For people who cannot live without their Evernote app professionally and personally, the new Android update will make you giddy. Not only does it have a brand new design (well, as brand new as their look could ever be), but it brings new ways of integrating your favourite productivity app with your Android smartphone. Now you have easier note creation, better web clipping from your mobile browser and faster notebook sharing.

In an entire day, you would probably use the “add new note” option more than twice. The update has now made it even easier with a floating New Note button at the lower corner of your app. When you click it, a whole slew of type of notes springs up: handwriting, audio, reminder, attachment, camera and of course, old school text. When you want to view your different notebooks, notes and tags, you just have to swipe left from your screen and it will display all those and your shortcut as well.

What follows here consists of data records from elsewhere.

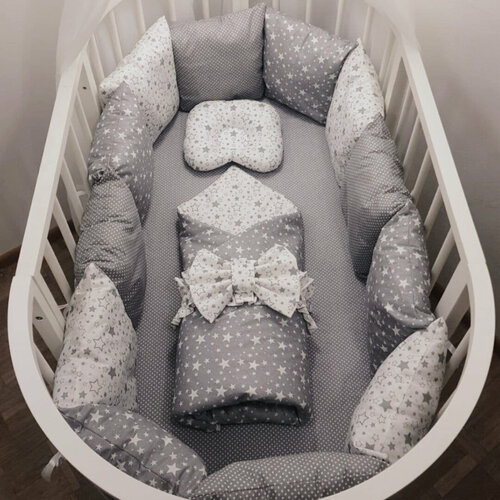 Купить Комплект бортиков в кроватку из 16 предметов Mamdis для новорожденных и малышей серый с доставкой по всей России.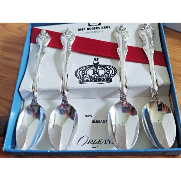 Vintage 1847 Rogers Bros. Silverplate Demitasse Spoon Set(4) original box 1964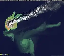 A January 2021 Sentinel-2 image of the island. The discolouration of the water around the island is due to volcanic minerals and seafloor sediment.[69]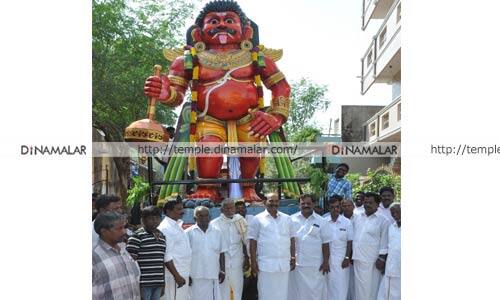 புதுச்சேரி: லாஸ்பேட்டை திரவுபதியம்மன் கோவிலுக்கு, புதிதாக செய்யப்பட்ட பகாசூரன், அன்னவாகன கரிக்கோல ஊர்வலம் நடந்தது. லாஸ்பேட்டை திரவுபதியம்மன் கோவில் ரூ. 10 லட்சம் செலவில் அன்னவாகனம் மற்றும் பகாசூரன் வாகனம் புதிதாக செய்யப்பட்டது. புதிய வாகனத்தின் கரிக்கோல ஊர்வலம் நேற்று நடந்தது. முன்னாக நேற்று காலை 7:00 மணிக்கு சிறப்பு பூஜைகள் நடந்தது. அதைத்தொடர்ந்து கரிகோல ஊர்வலம் துவங்கியது. முக்கிய வீதிகள் வழியாக சென்ற ஊர்வலம் இறுதியில் கோயிலை அடைந்தது. நிகழ்ச்சியில், துணை சபாநாயகர் சிவக்கொழுந்து, மரத்தால் செய்யப்பட்ட பகாசூரன் நன்கொடையாக வழங்கிய விநாயகம், பிரகாஷ், மரத்தால் செய்த அன்ன வாகனம் நன்கொடையாக வழங்கிய புருஷோத்தமன், கலிவரதன், ராமதாஸ், மணி, உமாபதி உட்பட கோவில் நிர்வாகத்தினர் பங்கேற்றனர்.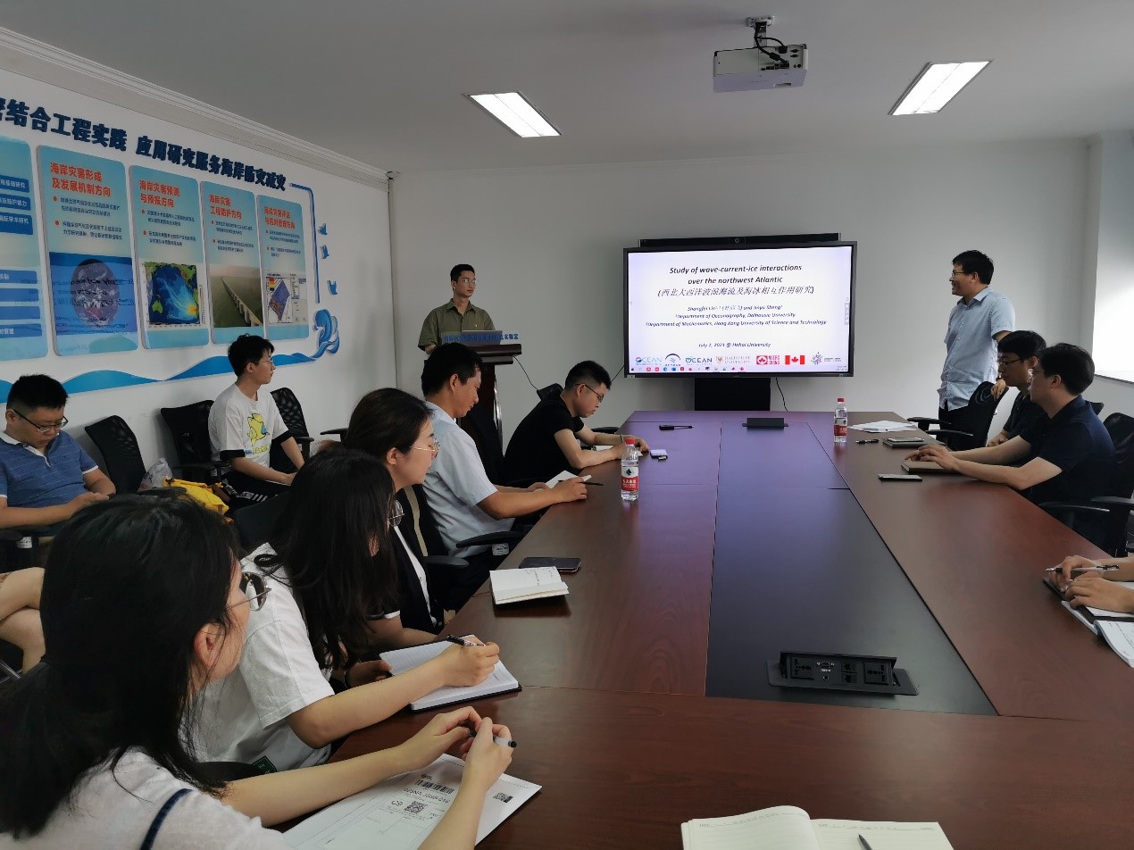 林尚飞博士后作了题为“西北大西洋波浪海流及海冰相互作用研究”的学术报告,报告详细介绍了林尚飞博士后的代表性云开电竞app下载地址,包括海洋波浪与海流的数值模拟,波浪海流及海冰相互作用,及海气交换等。会后,林尚飞博士后和与会人员就海冰数值模拟和斯托克斯漂流对海洋波浪频率的影响展开了讨论与交流。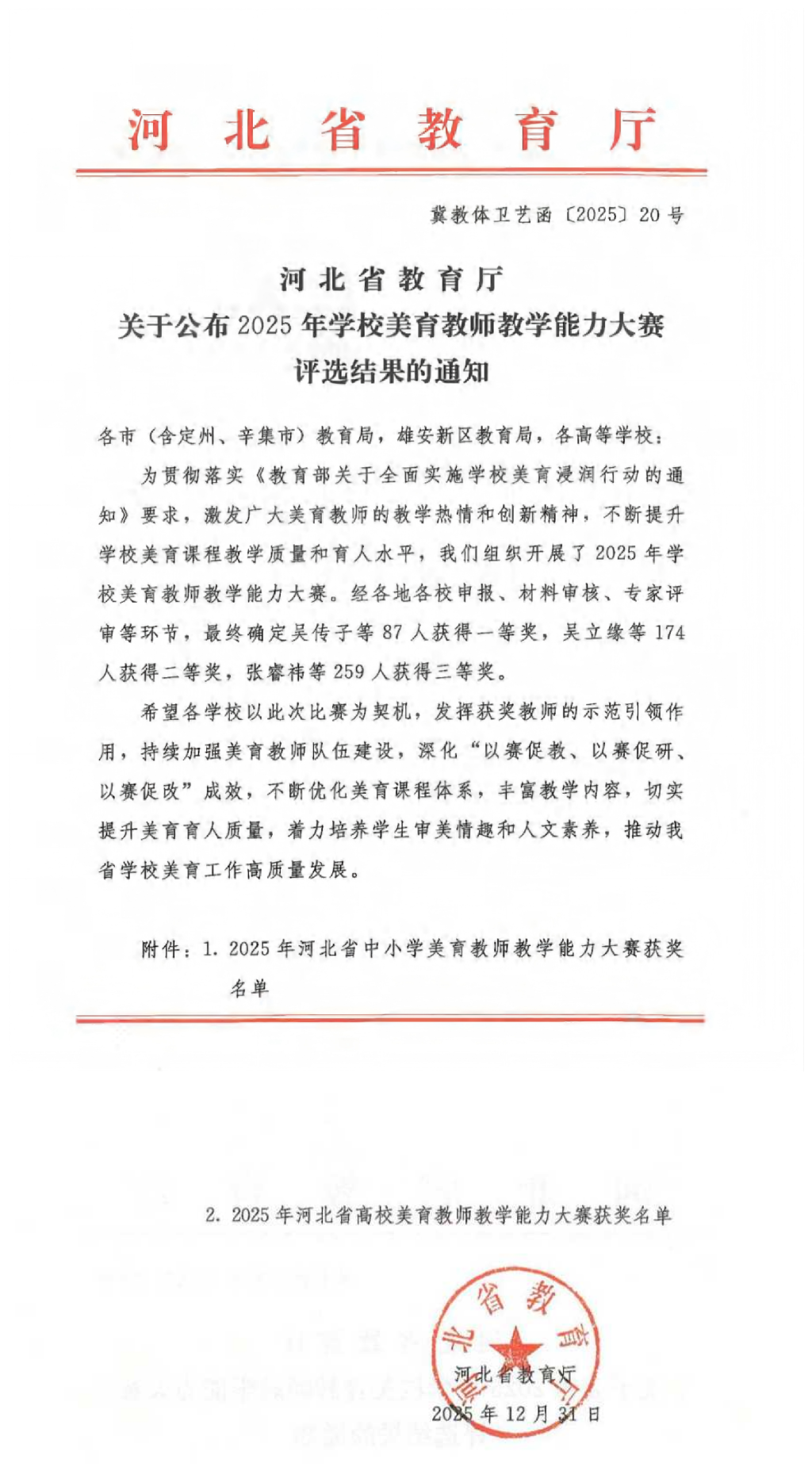 近日,2025年河北省学校美育教师教学能力大赛结果公布。我校选送的孙莉莉、张含星两位教师凭借其富有创新的课程设计,双双荣获三等奖,展现了我校美育教师的扎实功底与探索精神。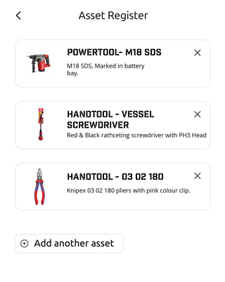 You can assign an Asset Register to each bag & keep track of what tool is where. Your Asset Register can be exported should your bag go missing or be stolen & provided to the Police to help identify your tools when recovered.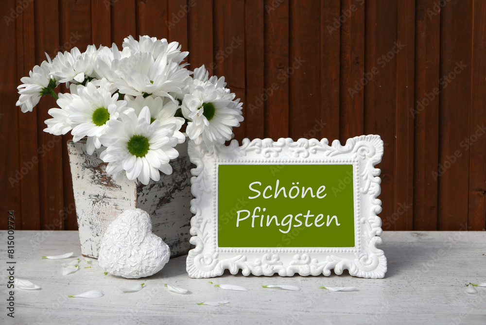 Grußkarte Schöne Pfingsten: Blumenarrangement mit dem Text Schöne Pfingsten.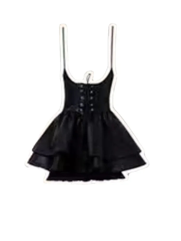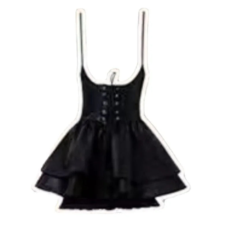 New High Waist Leather Black Mini Dress + Casual Knitted Sweater Elegant Clohting Woman Korean Fashion Suit Design Chic
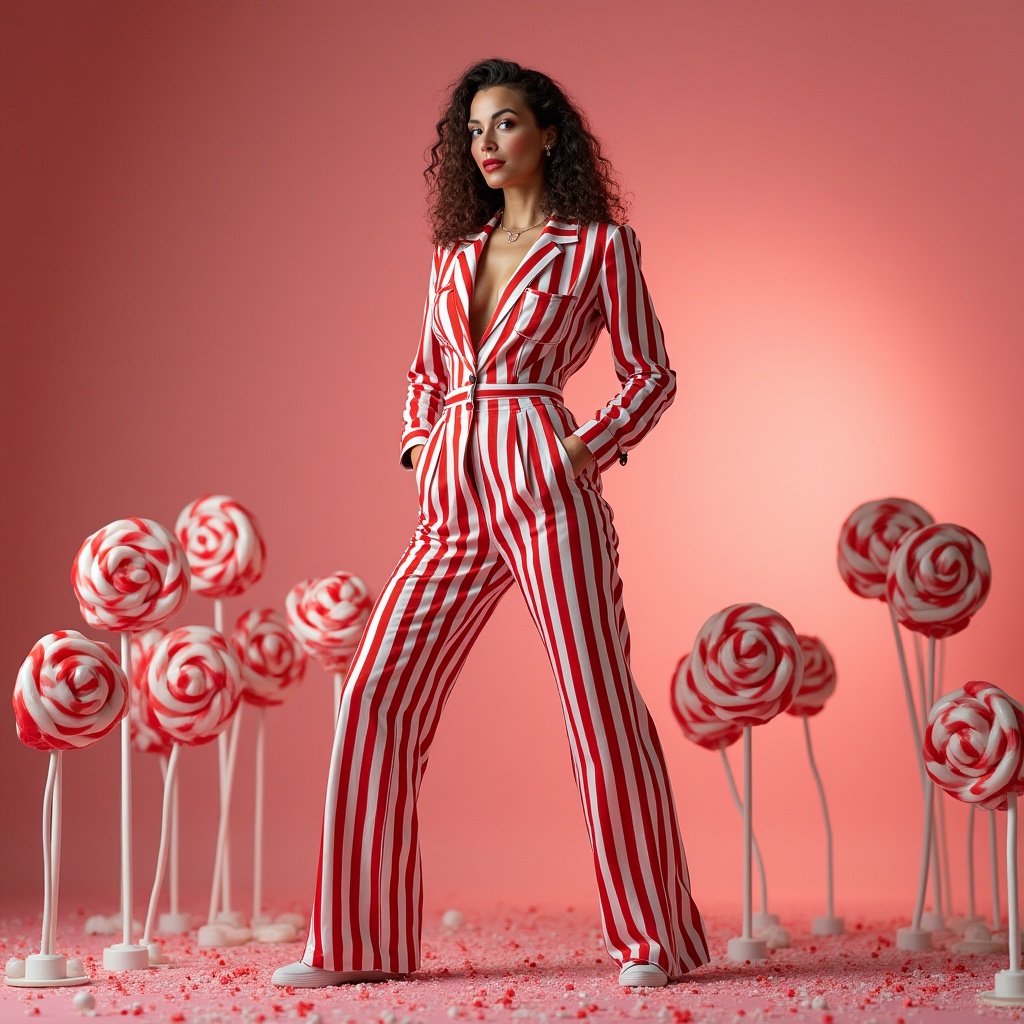 A model stands confidently in a striped suit, surrounded by colorful lollipops on a vibrant background during a creative photoshoot.

One of the favourite things we do with Evernote is to clip stuff from the web directly onto the app. While this has been present for some browsers before, tapping the elephant icon when you share something is now easier, as you can choose which notebooks to save them to, what tags to add and you can do other stuff while it’s saving (if the site is heavy) because it does it in the background. If you use Evernote to collaborate with other people, you can now easily share your notebooks with other users by clicking on the person icon at the top. You can even set different permissions like “can edit and invite”, “can edit” and “can view” only.

The search function has also been redesigned for easier access. If you have both business and personal Evernote, you can also now switch between yoru two accounts. Evernote has so many features and functions that it’s hard to learn them all at once. There is now an Explore Evernote section in your Navigation Drawer where they put features that they think you should know and learn how to use. The update for Evernote 6 in the Google Play Store has been slowly rolling-out so it should be there in your device when you read this.

SOURCE: Evernote

1 COMMENT

  1. Hmmmm…..I wonder if this is a precursor to the Android for Chromebook version that was hinted at by Google during I/O? Given that you can whip together a material design app in the Chrome Development Environment pretty easily, perhaps this is the one?